No caso dos vermes tudo indicava que estávamos perdendo a guerra. Faz mais de 25 anos que
nenhuma nova família de vermífugos foi descoberta enquanto a resistência dos parasitas se
espalhava. Mas este mês parece que temos uma chance de virar o jogo. Um grupo de cientistas
descobriu uma família de compostos capazes de matar vermes. O trabalho que é o resultado da
colaboração entre cientistas de um grande laboratório farmacêutico, de empresas de
biotecnologia, de universidades européias e cientistas da Costa do Marfim é um exemplo de como
se desenvolve um novo medicamento.
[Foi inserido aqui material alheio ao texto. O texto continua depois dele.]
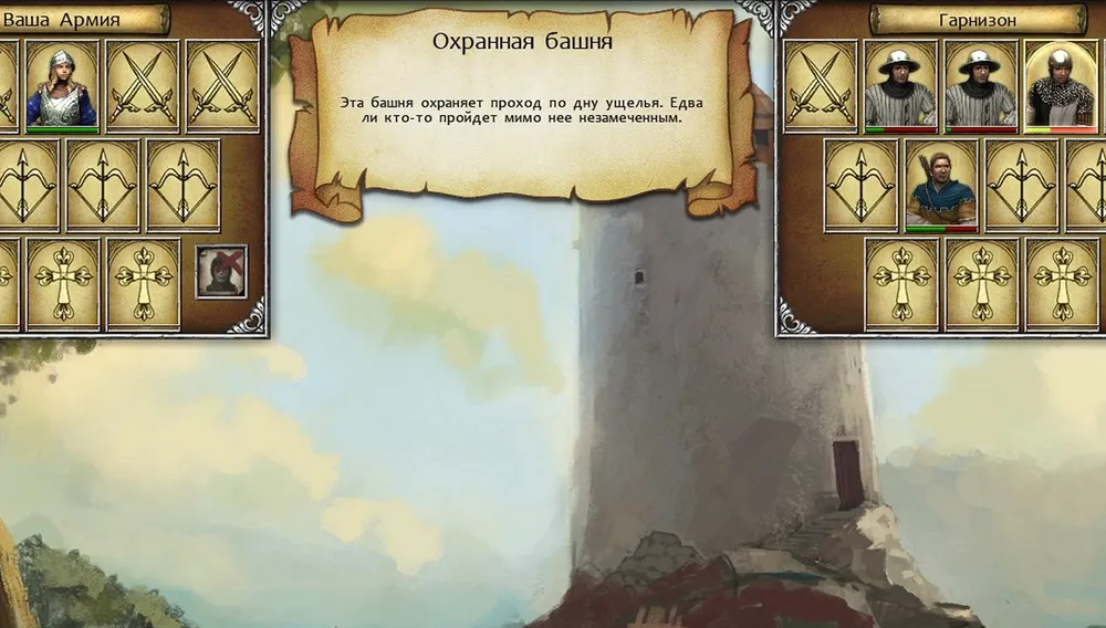 Вы вправе спросить: а зачем нужны воины, сидящие на вышке? После взятия каждого следующего замка ваш отряд увеличивается на одного бойца, итого их может быть девять, не считая наёмников. Есть кем комплектовать войско!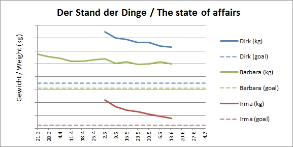 Hinter mir liegt eine weitere desaströse Woche im Wettstreit mit den Kollegen – Irma zieht uns davon und hat ihr Jahresendziel wahrscheinlich noch vor Monatsende erreicht. Obwohl sie nun festgestellt hat, dass ihr diese Metamorphose zu schnell ging – sie muss sich „erst emotional auf den neuen Körper einstellen.“ Naja, das wäre mein Problem nicht – da wäre ich ruckzuck unterwegs zum power shopping. Dirk hingegen war am Freitag sehr bedrückt, da er am Vorabend noch eine halbe Packung Vanilleeis verzehrt hatte. ZUSÄTZLICH zum Grillabend. Aber auch er liegt weiter gut im Rennen. Durch eine spontane Fahrradtour am Sonntag konnte ich nach Konsum von ca. 1 kg Schokolade über die Woche das Ruder gerade nochmal rumreißen und habe einen erneuten Trend nach unten angetreten. Bleiben wir optimistisch.
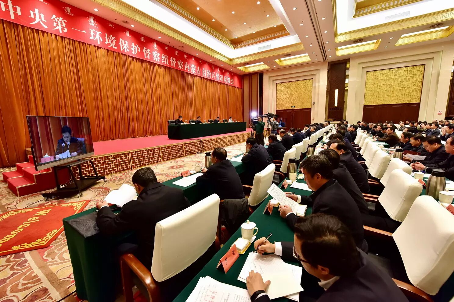 11月12日上午,中央第一環(huán)境保護督察組督察內(nèi)蒙古自治區(qū)情況反饋會現(xiàn)場。攝影/章軻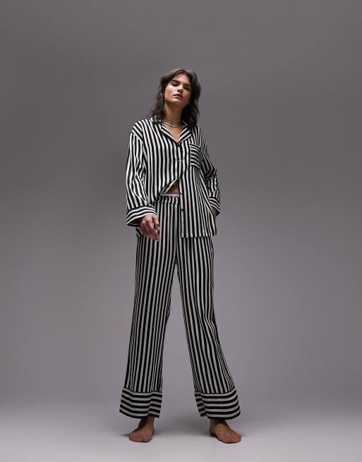 Topshop stripe piped shirt and trouser pyjama set in monochrome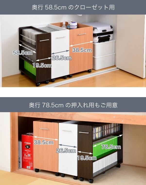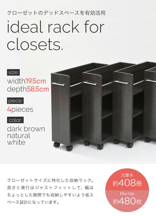 クローゼットにぴったり入る、キャスター付きラック4個組。クローゼット内のスペースを有効活用して、本やメディア、日用品を収納できます!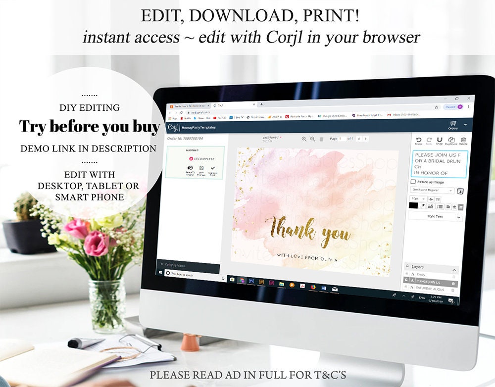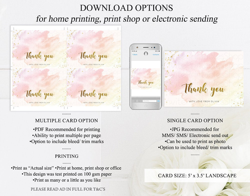 •Try before you buy! • DEMO LINK- https://www.corjl.com/d/26MG3F PLEASE READ AD IN FULL!! •Digital file. No physical item will be shipped •Do it yourself Editing. Edit online with Corjl or Edit with your mobile ITEM DETAILS Thank you cards Card size: 5’x3.5’ File type: PDF, JPEG Resolution: 300DPI PDF FILE OPTIONS: •Recommended for printing •Ability to print multiple per page (if size permits) •Option to include bleed/ trim marks JPG FILE OPTIONS: •Recommended for MMS/ SMS/ Electronic send out •Can be used to print as photo •Option to include bleed/ trim marks EDITING • Do it yourself editing • Mobile editing is available • Google chrome is the recommend browser for Corjl. Please download here for FREE: https://www.google.com/chrome/ • Using other browsers may not show all of Corjl's editing features • Editing on a desktop/ laptop computer is recommended to access all of Corjl features • Mobile editing is available, please use a desktop/ laptop computer to access all of Corjl features DOWNLOADS & EXPIRY •Maximum 3 downloads on the same edit •Link expires 30 days after purchase DOWNLOAD NOTICE •Once you have reached your download limits &/ “approve proof” in Corjl. You will not be able to request further downloads on your design. Further download requests are not permitted WHAT IS EDITABLE •Text - colours, fonts, size, move, delete & rotation. •Please see demo link for what you can and can’t do WHAT YOU CAN’T EDIT •Template size •Template orientation •Graphics CAN NOT BE deleted, moved, or changed in colour •Please see demo link for what you can and can’t do HOW TO 1. Choose design template & checkout on Etsy. 2. Email will be sent from Corjl. Follow link to access template 3. Edit, save & print INSTRUCTIONS •Instructions on how to edit your design have been written by Corjl and will be available with your purchase. PRINTING •Colours can vary depending on the monitor, printer & cardstock •Can be printed at home •Home printing will require you to select the high quality print settings, select appropriate paper thickness & click "Actual size" prior to you printing •This design was test printed on 100 gsm paper •Can be printed at local print shop. Please check printing requirements & any printing restrictions prior to purchase PERSONAL USE ONLY. This item cannot be shared, re-sold, or used commercially for profit. REFUND POLICY •We are unable to provide a refund/ exchange on commenced & completed work, instant downloads or self-editing link templates. Please use the demo link to work out if this product is right for you. Copyright © 2018 by InvitePrintablesShop PTY LTD All rights reserved. This file or any portion thereof may not be reproduced or resold without the express written permission of the publisher (including edits to the design). Our files are provided as high-resolution PDFs – the end result is dependent upon the printer and paper used. If using a professional printing company, InvitePrintablesShop are not responsible for their specific printing requirements, paper or colour quality. Any changes required to the template are not included with your purchase – the files come as described in the listing only and cannot be changed. Thank you for visiting Invite Printables Shop:) #abcdef12345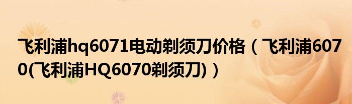 大家好,小常来为大家解答以上问题。飞利浦hq6071电动剃须刀价格,飞利浦6070(飞利浦HQ6070剃须刀)很多人还不知道,现在让我们一起来看看吧!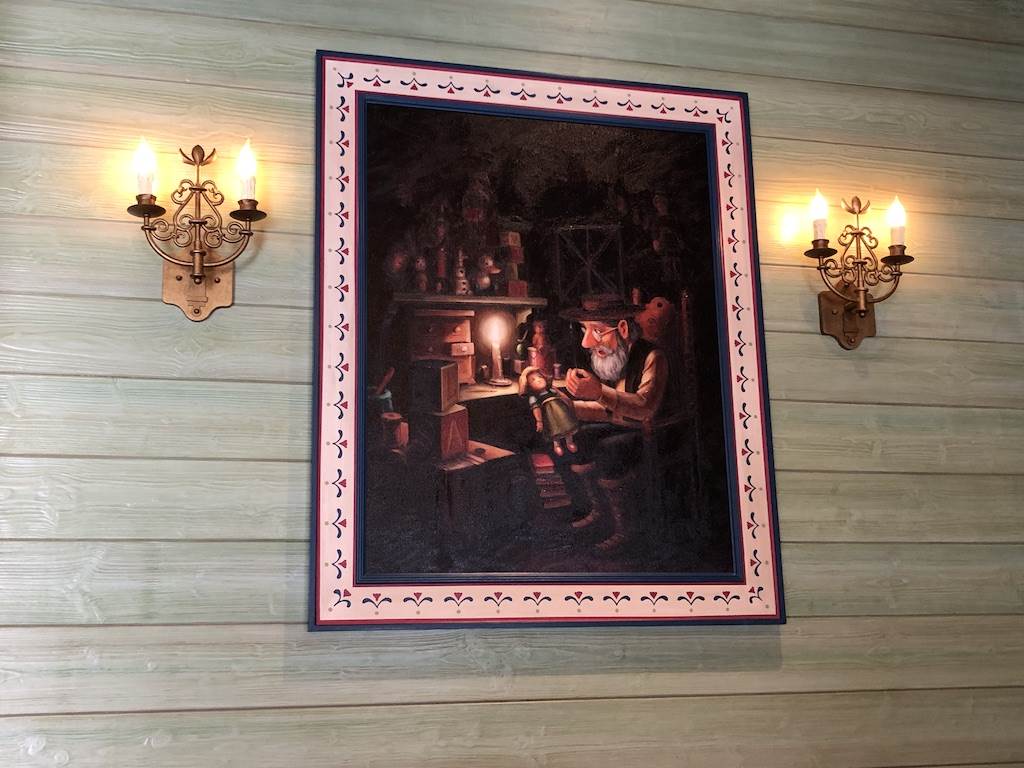 The decor in the restaurant includes a variety of interesting paintings showcasing ships, sea monsters, Arendelle, sailors like General Mattais, and dozens of nicknacks displayed on high shelves along the walls.

A partir da descoberta de um derivado de uma aminoacetonitrila (AAD) capaz de matar parasitas quando administrado em altas doses, os cientistas
sintetizaram 600 diferentes derivados de AADs e testaram cada uma delas em larvas de diversos
parasitas. Selecionaram os 10 compostos mais ativos. Em seguida testaram estes compostos em
roedores infectados com parasitas, em ovelhas e em vacas infectados com parasitas resistentes a
todos os outros vermífugos. Finalmente selecionaram os compostos que poderiam ser
administrados por via oral e que permaneciam mais tempo no sangue. Para colocar a cereja no
bolo os cientistas utilizaram o verme C. elegans, cujo genoma já foi seqüenciado, para determinar
o mecanismo de ação das AADs. Primeiro obtiveram vermes mutantes resistentes à AADs e
analisando o genoma destes vermes descobriram que a resistência tinha ocorrido quando o verme
alterava um de seus receptores de acetilcolina. Isto demonstra que as AADs atuam sobre estes
receptores matando os vermes. Uma comparação com o genoma humano demonstrou que nós não
possuímos este receptor, o que sugere que a droga provavelmente vai poder ser usada para tratar
seres humanos. Este único uso do genoma do C. elegans provavelmente compensa o custo e o
esforço do seqüenciamento.
Nos próximos anos os derivados de AAD devem ser comercializados, primeiro como vermífugos
para animais, mais tarde para tratar seres humanos. Parece que depois de 25 anos ganhamos mais
uma batalha, mas no dia que os AADs chegarem aos consumidores os vermes iniciarão a contraofensiva e inevitavelmente surgirão vermes resistentes aos AADs.
Mais Informações em: A new class of anthelmintics effective against drug-resistant nematodes.